Splice Isoforms Detection
raw_splice_sites_file=raw_splice_sites.txt
A file containing the reads with their splice sites using the exons found in raw_sorted_split_bed_file above
coverage_filtered_splice_sites_file=coverage_filtered_splice_sites.txt
The file obtained by filtering the reads list above using the coverage generated in total_coverage_file above
genome_filtered_splice_sites_file=genome_filtered_splice_sites.txt
The file obtained by filtering the reads list above using the genome file to remove very short exons consisting almost exclusively of A or T bases.
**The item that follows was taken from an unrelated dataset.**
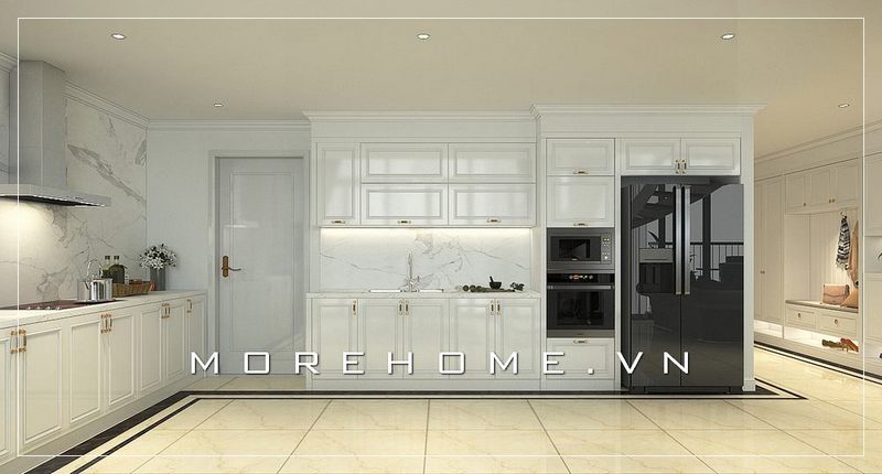 Thiết kế tủ bếp Hải Phòng tân cổ điển với ích thước nhỏ gọn phù hợp với mọi căn hộ chung cư diện tích nhỏ

best_filtered_splice_sites_file=best_filtered_splice_sites.txt
The result of extracting only the best isoforms for each gene.
These options are the names of the final output files of the UNAGI pipeline. They can be changed freely as it won't impact the run.
full_genelist_file=Full_Genelist.bed
The full list of genes found by UNAGI. This is the combination of positive_genelist_file and negative_genelist_file. It is given in the simplified bed format.
final_splice_sites_file=Splicing_Isoforms.bed
The full list of splicing isoforms found by UNAGI. It is given in the full bed format.
final_unique_splice_sites_file=Splicing_Isoforms_Unique.bed
The list of the best splicing isoforms found by UNAGI for each gene. It is given in the full bed format.